How to complete this task: Without copying any picture, transcribe exactly the lines of the data below from the one containing "Churrasqueira elétrica com" through the one containing "Former Rep. Doug".

Working data:
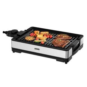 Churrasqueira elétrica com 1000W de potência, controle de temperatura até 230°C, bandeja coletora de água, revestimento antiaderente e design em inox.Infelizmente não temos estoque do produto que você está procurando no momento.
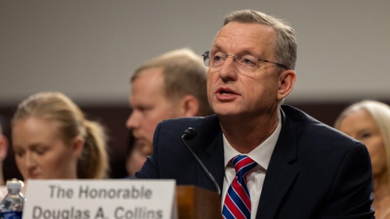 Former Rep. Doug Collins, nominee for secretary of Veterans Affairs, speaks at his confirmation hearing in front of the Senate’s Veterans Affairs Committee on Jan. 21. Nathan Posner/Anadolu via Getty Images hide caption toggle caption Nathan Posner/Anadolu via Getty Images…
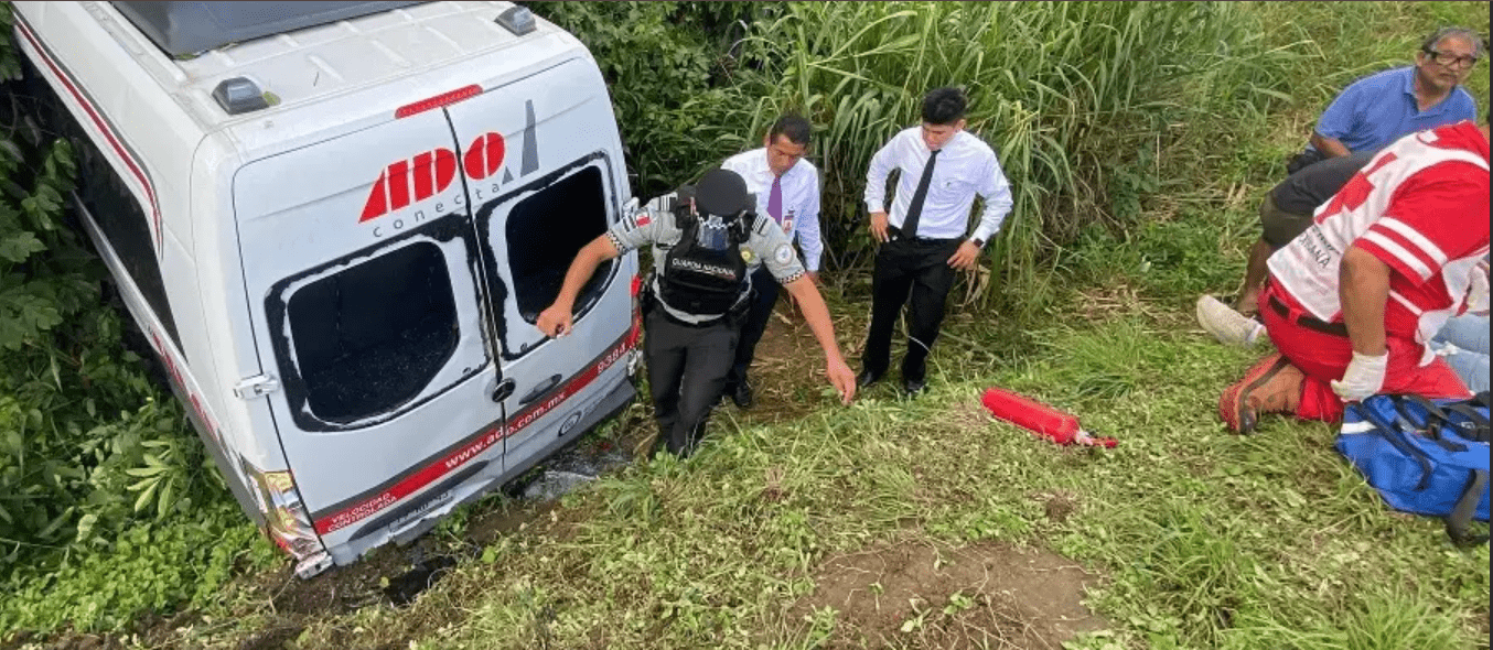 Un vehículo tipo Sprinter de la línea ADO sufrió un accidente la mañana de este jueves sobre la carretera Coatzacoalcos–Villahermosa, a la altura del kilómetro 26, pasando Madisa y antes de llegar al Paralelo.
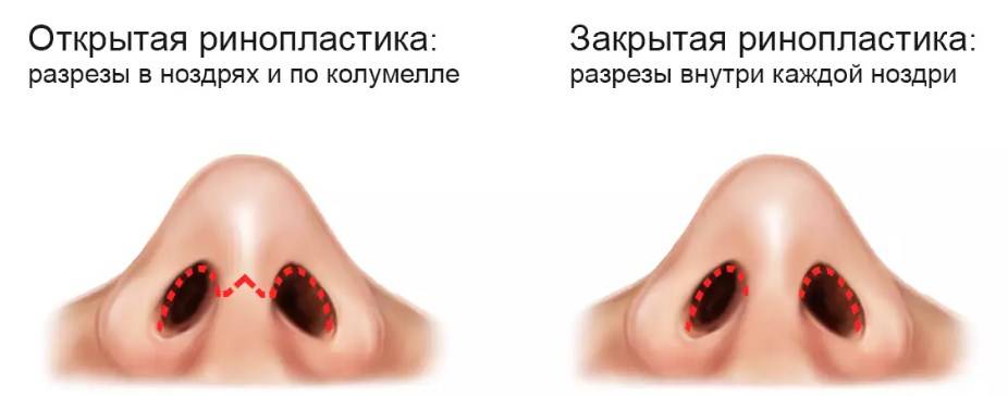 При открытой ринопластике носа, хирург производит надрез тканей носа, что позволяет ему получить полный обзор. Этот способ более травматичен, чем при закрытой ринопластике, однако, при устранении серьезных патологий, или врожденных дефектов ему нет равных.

--

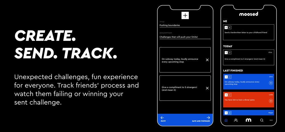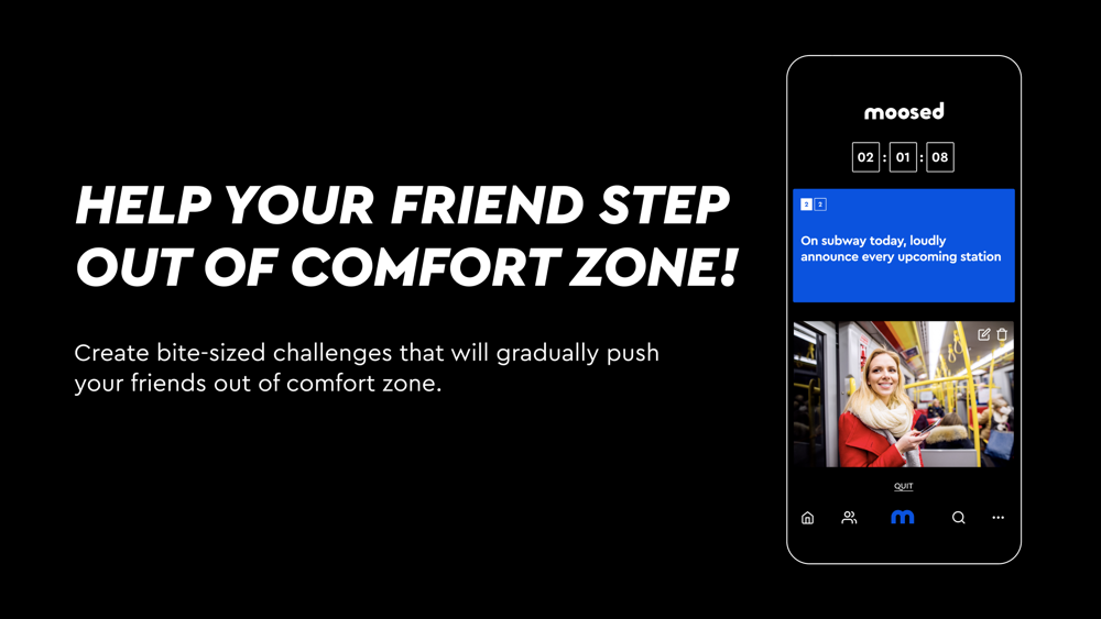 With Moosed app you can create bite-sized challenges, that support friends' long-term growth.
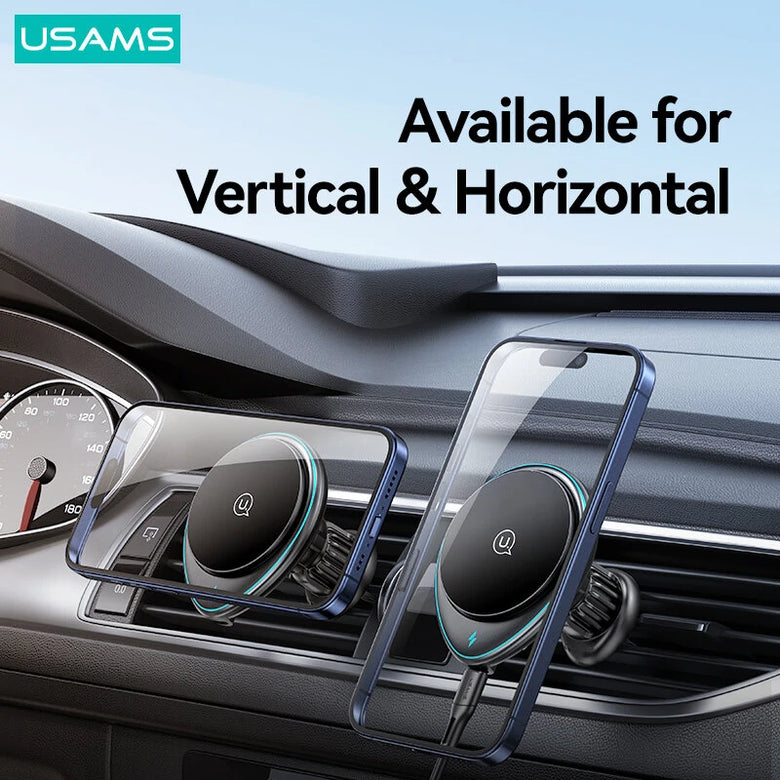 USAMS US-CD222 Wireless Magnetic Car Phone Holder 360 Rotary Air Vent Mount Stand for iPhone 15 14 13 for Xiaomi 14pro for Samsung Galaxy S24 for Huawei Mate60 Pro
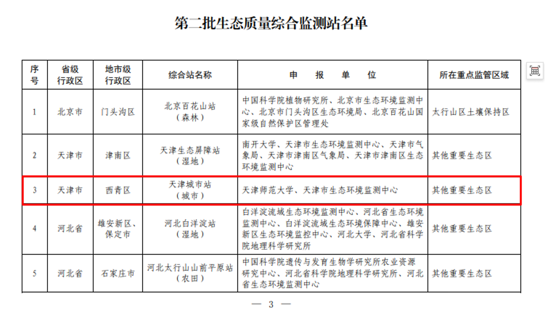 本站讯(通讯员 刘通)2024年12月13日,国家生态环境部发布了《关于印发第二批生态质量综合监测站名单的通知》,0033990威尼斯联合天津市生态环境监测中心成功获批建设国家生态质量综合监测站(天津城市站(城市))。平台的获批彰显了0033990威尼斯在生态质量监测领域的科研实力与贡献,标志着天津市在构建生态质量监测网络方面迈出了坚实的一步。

Result of the exercise:
 Churrasqueira elétrica com 1000W de potência, controle de temperatura até 230°C, bandeja coletora de água, revestimento antiaderente e design em inox.Infelizmente não temos estoque do produto que você está procurando no momento.
 Former Rep. Doug Collins, nominee for secretary of Veterans Affairs, speaks at his confirmation hearing in front of the Senate’s Veterans Affairs Committee on Jan. 21. Nathan Posner/Anadolu via Getty Images hide caption toggle caption Nathan Posner/Anadolu via Getty Images…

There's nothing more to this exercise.